Above the law

It’s a “gimmick” when banksters do it. It’s criminal fraud whenever anyone else does:

Lehman Brothers Holdings Inc used accounting gimmicks and had been insolvent for weeks before it filed for bankruptcy in September 2008, but there was not extensive wrongdoing, a court-appointed examiner has found.

In a 2,200-page report made public on Thursday, examiner Anton Valukas, chairman of law firm Jenner & Block, reported the results of his more than year-long investigation into who could be blamed for the firm’s collapse, which deepened the global financial crisis.

The examiner said that while some of Lehman’s management’s decisions “can be questioned in retrospect” and the firm’s valuation procedures for its assets “may have been wanting,” those responsible for the firm had used their business judgment and were largely not liable for the firm’s collapse.

So, Lehman’s management ran the company into insolvency, then committed weeks of fraud to hide that fact, but somehow they “were largely not liable” for the collapse of the company? How is that even remotely credible? Especially in light of how the FDIC has made it perfectly clear that most banks are fraudulently hiding their present insolvency by assigning hugely exaggerated values to their assets. Even by the FDIC’s overly conservative measure of “estimated losses”, it is obvious that there is a huge gap between reported assets and actual assets.

This can be computed by subtracting the average FDIC-seized bank’s deposit liabilities from its reported assets, then adding the estimated losses. In 2009, this average asset gap was $505 million against reported assets of $1,229 million, or 41.1%. In 2010, the average asset gap is presently running $272 million against reported assets of $638 million, or 43.7%. This indicates that the smaller banks are every bit as insolvent as the bigger banks. As are the giant banks; Karl Denninger explained the probable extent of their balance sheet fraud a few days ago:

So let’s be generous and assume that the “big banks” are over-valuing their assets by 25% – the lower end of the range of what the FDIC says is, through actual experience, what’s going on, and add it all up.

Bank of America shows $2.25 trillion in assets.

Citibank shows $1.89 trillion in assets.

JP Morgan/Chase shows $2.04 trillion in assets.

And Wells Fargo shows $1.31 trillion in assets.

This totals $7.49 trillion smackers.

The FDIC’s experience with seizing banks thus far suggests quite strongly that all four of these entities are lying about these valuations, and that were they to be seized the loss embedded in them (and for which you, the taxpayer would be responsible) is somewhere between $1.49 and $2.99 trillion dollars.

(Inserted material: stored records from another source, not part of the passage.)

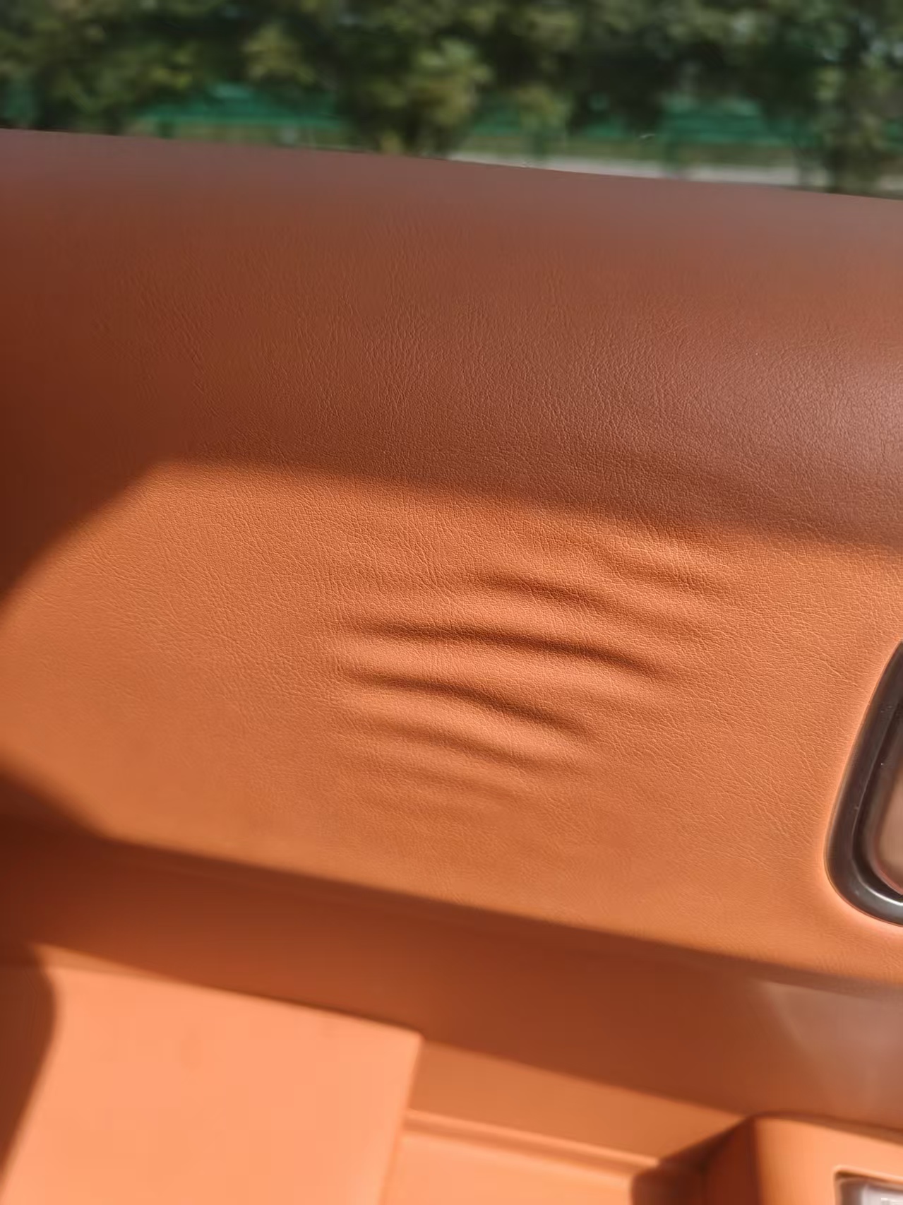 内饰板表面的皮革材料出现褶皱的原因主要分为两种,一是皮革与内饰板结合分离,二是皮革表面变形。第一种情况常见原因是粘接问题,高温、外力、粘接不牢固等原因都有可能。第二种情况常见原因则是除了皮革养护不当外的意外情况,如外力、化学品、高温等等。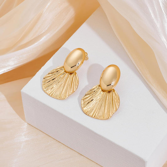 Chic Two-Tone Gold Chunky Fan-Shaped Dangle Earrings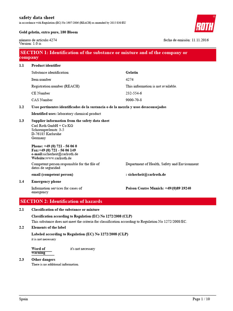 Substance identification Gelatin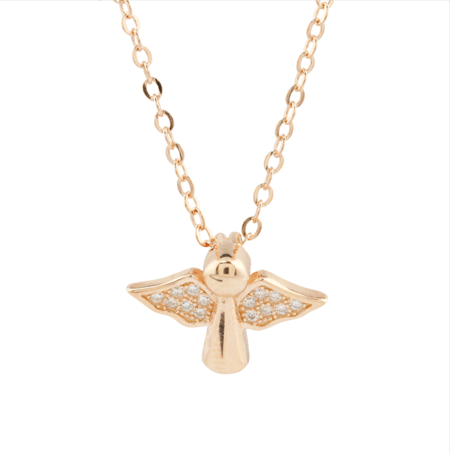 Guardian Angel 925 Sterling Silver Rose Gold Colour Necklace with CZ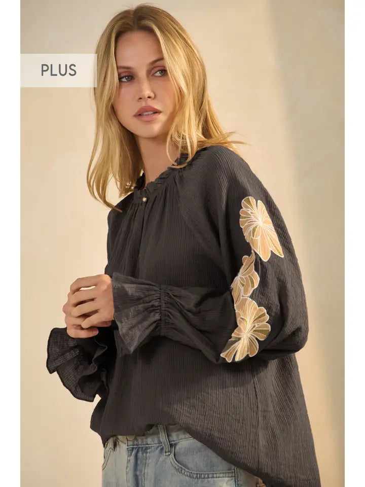 Crinkled peasant blouse with floral embroidery at sleeves and ruffled cuffs.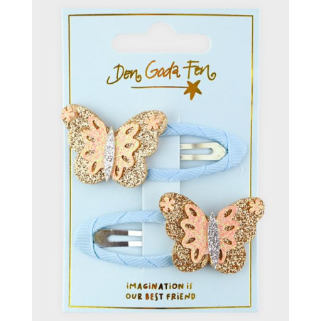 DEN GODA FEN-HAARCLIPS GOUDEN VLINDER SET VAN 2 STUKS 6 CM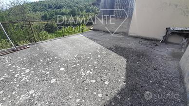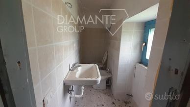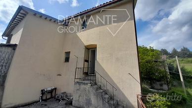 Sellano (PG), Località Vio: Porzione di casale di 150 mq su tre livelli con magazzini, cantina e garage a piano terra, soggiorno con angolo cottura, sala, terrazza e bagno a piano primo, due camere e bagno a piano secondo.
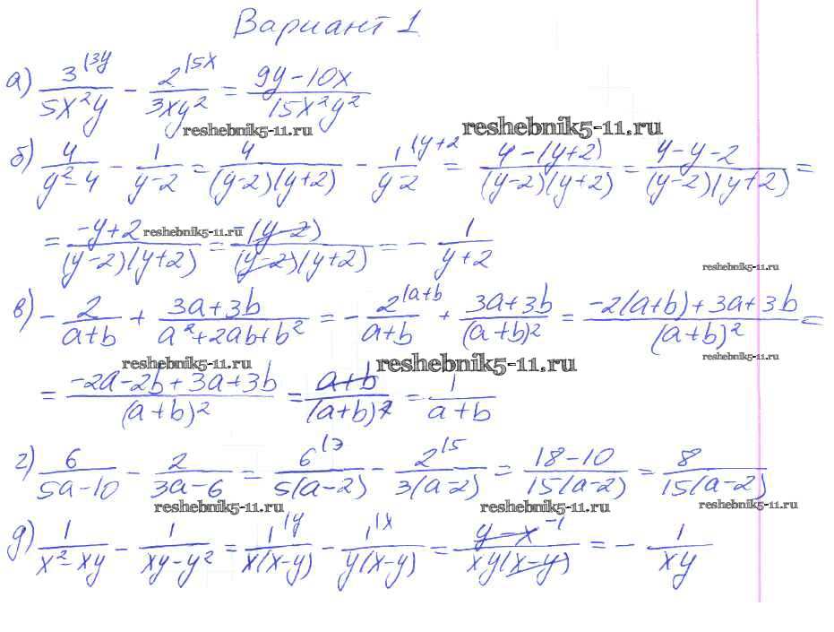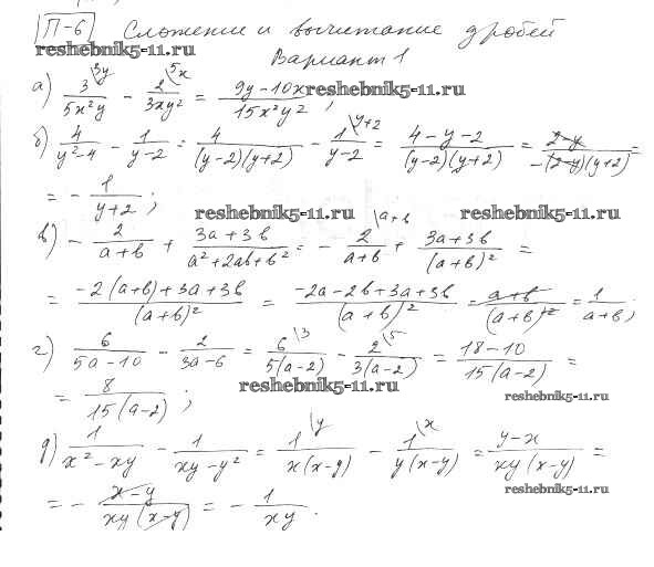 Готовая домашняя работа с ответами по Алгебре за 8 класс Евстафьева, Карп Дидактические материалы Просвещение 2017 ФГОС - П-6. Сложение и вычитание дробей Вариант 1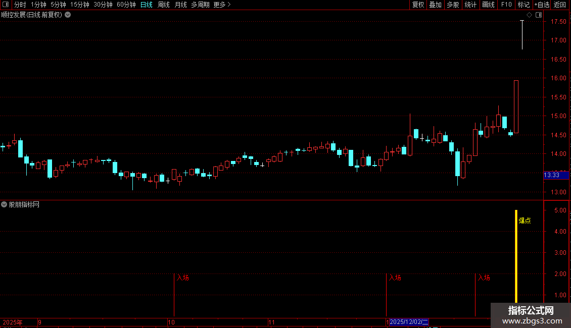通达信爆点入场指标是一款专为捕捉强势股突破信号设计的技术分析工具,它通过价格与通道的共振关系生成直观的买卖信号。该指标主要包含两个有效信号:入场信号与爆点信号。当价格突破支撑线(红色细线)且收盘价站上压力线(黄色线)时触发入场信号;当价格以涨停板形式强势突破压力线时,则触发更为强烈的爆点信号,并在图中以彩色柱状图突出显示。

Based on the last two years of data, the actual gap between the assets and liabilities of the Big Four is actually more like $3.2 trillion, or roughly the size of Citibank and Wells Fargo put together. Despite their failure to act, the FDIC obviously knows about this. By way of evidence, here was the FDIC’s response to one of the Market Ticker’s readers who asked about the difference between bank-reported assets and FDIC-reported estimated losses: “That’s the value the bank had them on their books on their year-end financials, but the true value is much less. It is similar to someone in Las Vegas saying that their house is worth $300,000 because that’s what they paid for it three years ago, but the reality is, if they had to sell it in today’s market, they’d only get $250,000 for it. The FDIC has to sell assets in today’s market.”